Activists Blur the Tenderloin with the Mission

by on March 24, 2016

Activists Mistakenly View Tenderloin Projects Through a Mission Lens

At the March 17 SF Planning Commission hearing on the Shorenstein Company’s 304-unit rental project in the Tenderloin (it passed 5-2), opponents argued it would cause displacement and gentrification.  Speakers saw only downsides, with Alexandra Goldman of TNDC arguing, “Existing Tenderloin residents must share in the benefits… We can’t support a project with so few affordable units.”

Casting a shadow over the entire debate was the ongoing battles over new market rate housing in the Mission. Opponents’ saw the project as triggering similar displacement impacts in the Tenderloin,  as if all that has separated the still low-income Tenderloin from the gentrifying Mission was the arrival of new market rate housing.
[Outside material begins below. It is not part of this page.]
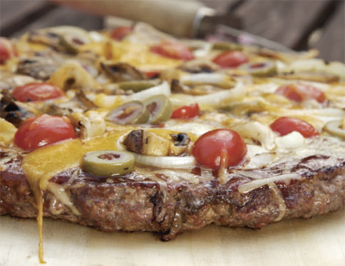 Back to the Bon Appetit article, and a nice looking idea: use a large beef patty as the crust, and load it up with pizza toppings…the meat pizza. Easy to do if this is your thing…and if you get cold: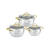 Ручки кастрюль, выполненные в стиле «под золото» с декором, добавляют набору изысканности и стиля. Внутренняя зеркальная полировка облегчает уход за посудой и обеспечивает антипригарные свойства, а комбинированная полировка снаружи придает кастрюлям современный и привлекательный вид.

But the Tenderloin has never been, and can never be, the Mission. Today’s Tenderloin is reviving, but it is not the Mission of 1979, 1995 or whenever people identify as the start of its gentrification wave. The Tenderloin’s future path is distinct not only from the Mission,  but from Noe Valley, the Haight-Ashbury, the Castro and other former working-class neighborhoods that were completely or partially gentrified.

Here’s why.

Neighborhood Gentrification

Prior to the onset of gentrification, the Mission and these other neighborhoods all had the following:

*significant ownership opportunities, either via single family homes or flats that could be converted to condos or tenancies in common;

*at least one and often multiple major retail shopping streets;

*a strong retail base;

The Tenderloin never had these qualities, and  never will.

The Tenderloin also has a far higher percentage of its housing stock—roughly 25%-33%—in nonprofit hands or otherwise protected from the speculative market.
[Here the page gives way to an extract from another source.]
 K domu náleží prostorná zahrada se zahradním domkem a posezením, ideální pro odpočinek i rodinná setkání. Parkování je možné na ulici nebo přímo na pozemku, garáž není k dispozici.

No urban neighborhood in the United States has fewer opportunities for home ownership than San Francisco’s Tenderloin. Even nearly all of the market-rate projects proposed for the neighborhood will be rental. The only exceptions are a 35 unit project proposed at 469 Eddy, 950 Market (more a Market Street than  Tenderloin project), and an entitled project at 25 Mason whose plans remain unclear.

Gentrification is not possible with such low levels of homeownership. And unlike the Mission, virtually every buildable site in the Tenderloin has been taken so thousands of new condos cannot be built. Activists long ago passed strict land use protections to protect SRO hotels from being torn down and replaced with luxury condos.
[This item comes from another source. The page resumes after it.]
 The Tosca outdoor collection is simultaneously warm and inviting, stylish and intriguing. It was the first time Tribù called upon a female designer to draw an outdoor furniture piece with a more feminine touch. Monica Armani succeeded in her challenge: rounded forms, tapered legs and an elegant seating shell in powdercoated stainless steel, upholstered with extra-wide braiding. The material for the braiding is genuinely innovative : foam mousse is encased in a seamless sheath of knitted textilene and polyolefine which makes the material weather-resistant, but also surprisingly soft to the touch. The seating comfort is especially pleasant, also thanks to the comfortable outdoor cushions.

As a result, the Tenderloin will be dominated by renters forever.

Nor will the Tenderloin ever have the retail shopping typical of gentrified areas. As I describe in my book,  The Tenderloin: Sex, Crime and Resistance in the Heart of San Francisco,  the Tenderloin’s legal economy (as opposed to its former gambling and brothels) has always been based on bars, restaurants, arts and entertainment. The Tenderloin’s current revival is driven by these historic pillars, not resurgent retail.  Even when the Tenderloin economy was booming from 1907 through the 1950’s it had no retail area that rivaled the Mission’s 24th Street and Miracle Mile, Noe Valley’s Church and 24th Street’s, Castro Street or Haight and Cole in the Haight-Ashbury.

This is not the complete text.